Work required ▸ Set each line of the records down again exactly, please.

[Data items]
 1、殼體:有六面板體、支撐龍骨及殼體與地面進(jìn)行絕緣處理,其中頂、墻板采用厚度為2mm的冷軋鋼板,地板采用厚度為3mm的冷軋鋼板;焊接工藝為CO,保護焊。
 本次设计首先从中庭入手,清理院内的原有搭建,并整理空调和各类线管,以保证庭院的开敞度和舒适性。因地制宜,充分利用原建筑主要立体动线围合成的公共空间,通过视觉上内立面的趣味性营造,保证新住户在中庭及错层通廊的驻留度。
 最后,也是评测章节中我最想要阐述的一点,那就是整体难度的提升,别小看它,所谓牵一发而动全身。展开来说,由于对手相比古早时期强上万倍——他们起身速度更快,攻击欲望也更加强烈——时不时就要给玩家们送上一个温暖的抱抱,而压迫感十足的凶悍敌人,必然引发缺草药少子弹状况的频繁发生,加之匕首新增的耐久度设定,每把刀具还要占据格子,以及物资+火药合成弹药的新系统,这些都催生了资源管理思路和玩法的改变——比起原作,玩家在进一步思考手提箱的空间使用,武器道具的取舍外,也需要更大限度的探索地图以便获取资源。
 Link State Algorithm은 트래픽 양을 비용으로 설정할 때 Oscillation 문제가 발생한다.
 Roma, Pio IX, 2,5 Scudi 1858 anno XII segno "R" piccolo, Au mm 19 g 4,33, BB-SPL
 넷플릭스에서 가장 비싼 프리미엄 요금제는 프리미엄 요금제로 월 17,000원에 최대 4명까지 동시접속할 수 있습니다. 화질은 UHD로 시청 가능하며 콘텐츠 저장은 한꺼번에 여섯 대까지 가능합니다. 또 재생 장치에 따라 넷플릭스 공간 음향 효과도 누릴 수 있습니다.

Result of this exercise ▸
 1、殼體:有六面板體、支撐龍骨及殼體與地面進(jìn)行絕緣處理,其中頂、墻板采用厚度為2mm的冷軋鋼板,地板采用厚度為3mm的冷軋鋼板;焊接工藝為CO,保護焊。
 本次设计首先从中庭入手,清理院内的原有搭建,并整理空调和各类线管,以保证庭院的开敞度和舒适性。因地制宜,充分利用原建筑主要立体动线围合成的公共空间,通过视觉上内立面的趣味性营造,保证新住户在中庭及错层通廊的驻留度。
 最后,也是评测章节中我最想要阐述的一点,那就是整体难度的提升,别小看它,所谓牵一发而动全身。展开来说,由于对手相比古早时期强上万倍——他们起身速度更快,攻击欲望也更加强烈——时不时就要给玩家们送上一个温暖的抱抱,而压迫感十足的凶悍敌人,必然引发缺草药少子弹状况的频繁发生,加之匕首新增的耐久度设定,每把刀具还要占据格子,以及物资+火药合成弹药的新系统,这些都催生了资源管理思路和玩法的改变——比起原作,玩家在进一步思考手提箱的空间使用,武器道具的取舍外,也需要更大限度的探索地图以便获取资源。
 Link State Algorithm은 트래픽 양을 비용으로 설정할 때 Oscillation 문제가 발생한다.
 Roma, Pio IX, 2,5 Scudi 1858 anno XII segno "R" piccolo, Au mm 19 g 4,33, BB-SPL
 넷플릭스에서 가장 비싼 프리미엄 요금제는 프리미엄 요금제로 월 17,000원에 최대 4명까지 동시접속할 수 있습니다. 화질은 UHD로 시청 가능하며 콘텐츠 저장은 한꺼번에 여섯 대까지 가능합니다. 또 재생 장치에 따라 넷플릭스 공간 음향 효과도 누릴 수 있습니다.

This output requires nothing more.